Title: Assessing sediment accumulation at inundated anthropogenic marshland in the southern North Sea: Using turbidity measurements and particle tracking

Ingo Jürgen Hache (1), Sebastian Niehüser (2), Volker Karius (1), Arne Arns (3) & Hilmar von Eynatten (1)

University of Göttingen, Geoscience Center (GZG), Department of Sedimentology and Environmental Geology, Göttingen, Germany (1); University of Siegen, Research Institute for Water and Environment, Siegen, Germany(2); University of Rostock, Faculty of Agricultural and Environmental Sciences, Rostock, Germany (3);

Event: Abstract GeoUtrecht2020

Date: 2020

DOI: 10.48380/dggv-4tex-pd60

New approaches to coastal protection measures become increasingly important to protect for or to mitigate sea level rise (SLR) worldwide. Measures that involve only the heightening of dykes or revetments are prone to disturb the natural adaptation capacity especially of shallow marine tidal systems and adjacent marshlands. This applies to ten island-like marsh areas called Halligen in the southern North Sea, Germany. Here, the adaptation potential depends on the accumulation of suspended particulate matter (SPM) during annually occurring inundations that generates relevant vertical accretion rates. According to previous studies, todays accretion rates are too low to keep pace with SLR. To invoke appropriate strategies to mitigate the imbalance it is crucial to know whether the particle accumulation is material limited (i.e. there is not sufficient SPM available in the water column around the Halligen) or transport-limited (i.e. SPM is available but not transported efficiently onto the Halligen). In this study we assessed the spatial and temporal distribution of SPM at the largest Hallig Langeness with an autonomous working turbidity measurement system.
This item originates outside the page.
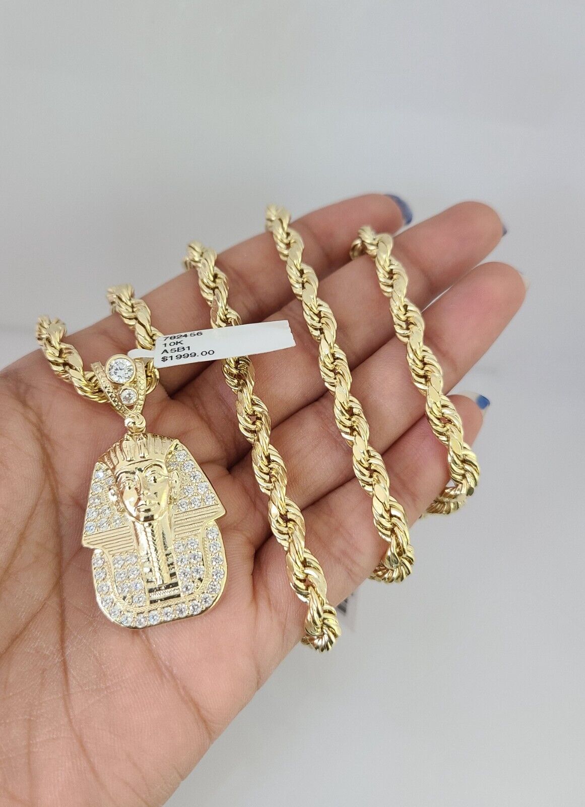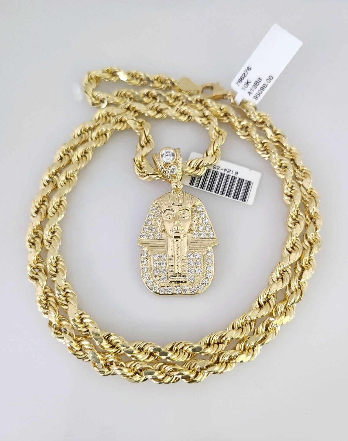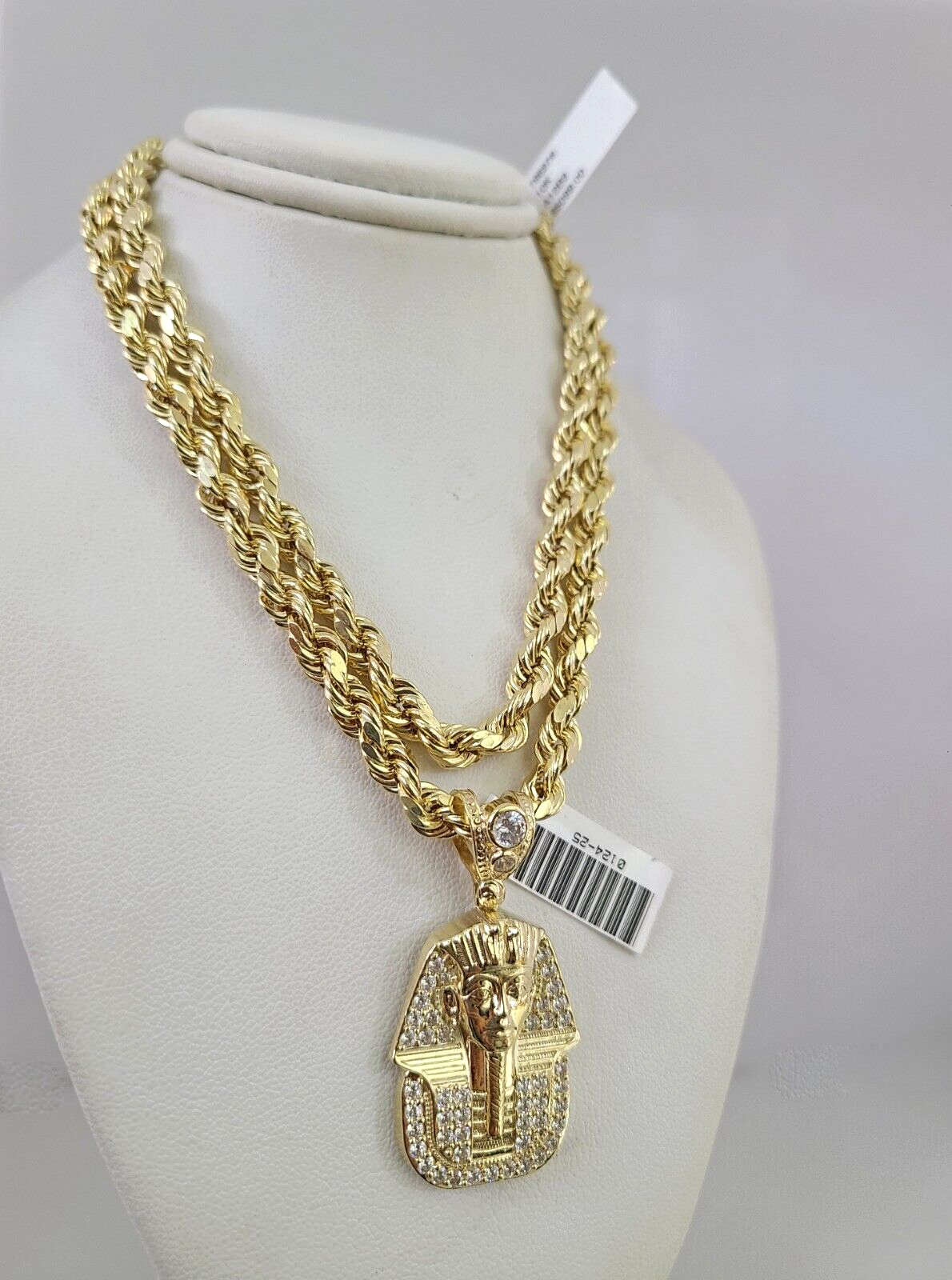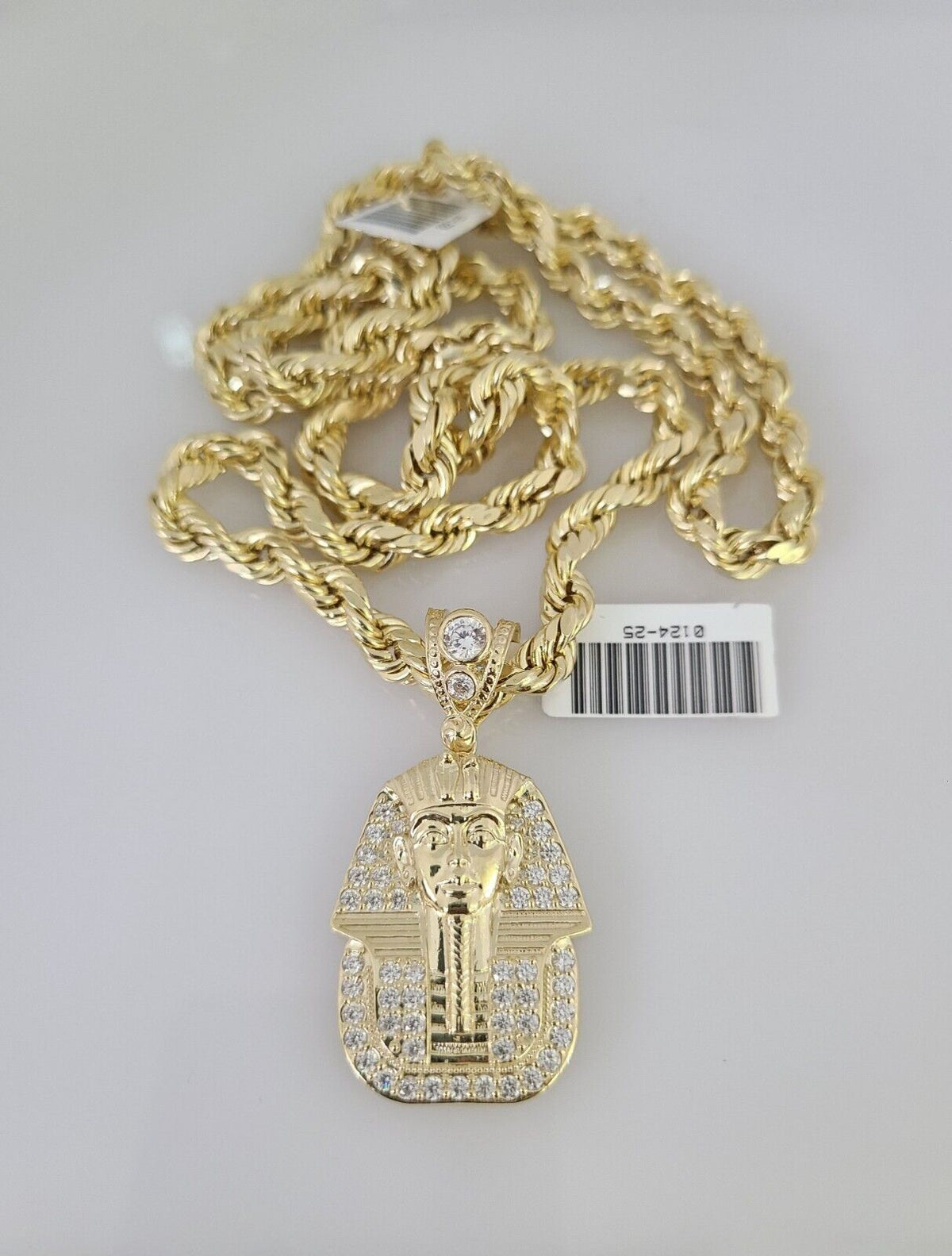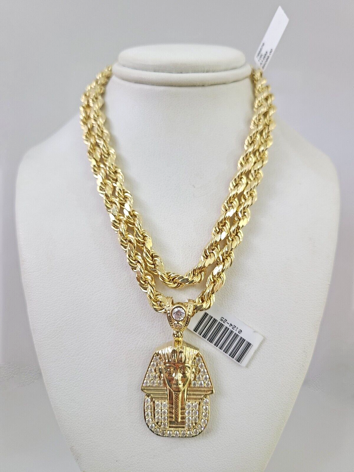10kt Gold Rope Chain Pharaoh Pendant Set 18"-30'' Inch 6mm Necklace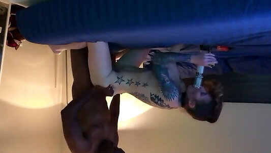 татуированная блондинка дергается, когда она трахает свою киску

Recorded inundation events covered a wide range of water levels resulting from moderate wind conditions to storm surges. We were able to quantify the impact of the existing coastal protection measures on present sediment accumulation rates. A detailed numerical sediment transport model of the Hallig and its surrounding tidal flats was used to simulate the effect of various height adjustments of revetments in different hydrodynamic scenarios.